Эту реплику Натан и вовсе оставил без ответа.
Мальчик точно знал, что ночью ему приснится другой мир: после встречи с Эриком он казался еще ближе и реальнее; Натан почти верил в то, что, если приложит определенные усилия, сможет попасть туда наяву — в грезах, а не во сне. Его манила и пугала эта мысль — он словно отдалялся от собственного мира; так что в итоге мальчик решил не пробовать. Ночью он погрузился в сон — краткий и неглубокий, а проснувшись, снова очутился в городе — Аркатроне. Теперь он знал название города: Аркатрон, город Йинда.
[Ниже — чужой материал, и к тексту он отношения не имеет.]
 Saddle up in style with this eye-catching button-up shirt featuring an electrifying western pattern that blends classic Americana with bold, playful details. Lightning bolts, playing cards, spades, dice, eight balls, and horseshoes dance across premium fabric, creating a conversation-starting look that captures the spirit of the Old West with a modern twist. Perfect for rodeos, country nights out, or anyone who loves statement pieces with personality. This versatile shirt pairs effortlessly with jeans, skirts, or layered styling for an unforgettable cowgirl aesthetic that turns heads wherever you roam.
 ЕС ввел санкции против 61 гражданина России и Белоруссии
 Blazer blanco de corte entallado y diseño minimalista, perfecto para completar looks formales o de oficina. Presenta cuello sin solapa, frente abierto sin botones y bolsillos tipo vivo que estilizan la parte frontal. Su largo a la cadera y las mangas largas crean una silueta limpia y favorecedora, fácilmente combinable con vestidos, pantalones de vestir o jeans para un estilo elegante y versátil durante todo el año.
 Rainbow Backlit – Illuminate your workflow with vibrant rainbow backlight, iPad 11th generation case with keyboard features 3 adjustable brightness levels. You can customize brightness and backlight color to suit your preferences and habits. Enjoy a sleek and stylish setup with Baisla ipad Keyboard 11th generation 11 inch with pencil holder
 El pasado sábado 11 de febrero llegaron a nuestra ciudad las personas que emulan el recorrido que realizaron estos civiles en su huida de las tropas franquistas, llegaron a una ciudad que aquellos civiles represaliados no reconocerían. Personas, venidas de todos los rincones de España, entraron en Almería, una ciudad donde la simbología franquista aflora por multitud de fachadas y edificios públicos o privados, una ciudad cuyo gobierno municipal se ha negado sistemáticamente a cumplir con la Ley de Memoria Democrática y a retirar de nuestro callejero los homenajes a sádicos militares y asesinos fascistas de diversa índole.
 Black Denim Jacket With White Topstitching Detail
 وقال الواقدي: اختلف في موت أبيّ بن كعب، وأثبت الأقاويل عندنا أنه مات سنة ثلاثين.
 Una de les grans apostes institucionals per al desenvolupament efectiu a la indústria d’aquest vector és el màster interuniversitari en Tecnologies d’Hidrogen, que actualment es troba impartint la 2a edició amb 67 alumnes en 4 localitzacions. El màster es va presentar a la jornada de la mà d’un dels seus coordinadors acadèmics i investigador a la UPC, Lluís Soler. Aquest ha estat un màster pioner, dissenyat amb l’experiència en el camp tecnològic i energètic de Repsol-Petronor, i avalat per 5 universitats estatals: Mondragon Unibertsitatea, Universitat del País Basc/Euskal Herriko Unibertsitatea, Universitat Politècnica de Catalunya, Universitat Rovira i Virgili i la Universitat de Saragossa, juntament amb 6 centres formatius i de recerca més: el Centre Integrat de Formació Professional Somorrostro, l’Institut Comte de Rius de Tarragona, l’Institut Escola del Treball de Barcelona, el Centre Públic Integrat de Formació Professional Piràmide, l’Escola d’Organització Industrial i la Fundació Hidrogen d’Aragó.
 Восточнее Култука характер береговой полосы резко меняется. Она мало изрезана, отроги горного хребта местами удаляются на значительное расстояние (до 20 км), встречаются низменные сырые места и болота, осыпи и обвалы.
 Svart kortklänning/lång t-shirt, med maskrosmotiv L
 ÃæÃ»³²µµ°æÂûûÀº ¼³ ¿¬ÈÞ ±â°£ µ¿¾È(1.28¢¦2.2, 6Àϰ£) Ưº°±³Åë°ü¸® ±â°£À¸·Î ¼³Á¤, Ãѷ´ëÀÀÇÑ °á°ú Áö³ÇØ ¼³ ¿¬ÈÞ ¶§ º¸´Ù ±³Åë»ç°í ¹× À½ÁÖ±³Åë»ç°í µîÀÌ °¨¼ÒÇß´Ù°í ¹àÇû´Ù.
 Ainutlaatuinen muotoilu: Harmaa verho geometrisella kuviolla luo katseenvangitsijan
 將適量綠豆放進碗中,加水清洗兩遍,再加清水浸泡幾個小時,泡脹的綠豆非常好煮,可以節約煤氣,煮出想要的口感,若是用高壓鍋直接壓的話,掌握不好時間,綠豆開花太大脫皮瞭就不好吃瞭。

И сразу же Натан ощутил, что сделался еще более реальным и видимым, нежели прежде, и постарался мысленно вернуть себя в состояние бестелесного присутствия — тщетно. Он опять оказался в галерее с изогнутыми колоннами: в искусственном свете он чувствовал себя особенно уязвимым. Оглядев себя, мальчик понял, что на нем пижама; впредь придется ложиться спать в нормальной одежде, решил он. Натан чувствовал себя очень неловко, разгуливая по чужой вселенной в таком виде. Конечно, существовали прецеденты: дети в «Питере Пене», Артур Дент в «Автостопе»; вот только в мире, где запрещена художественная литература, их все равно никто не знал.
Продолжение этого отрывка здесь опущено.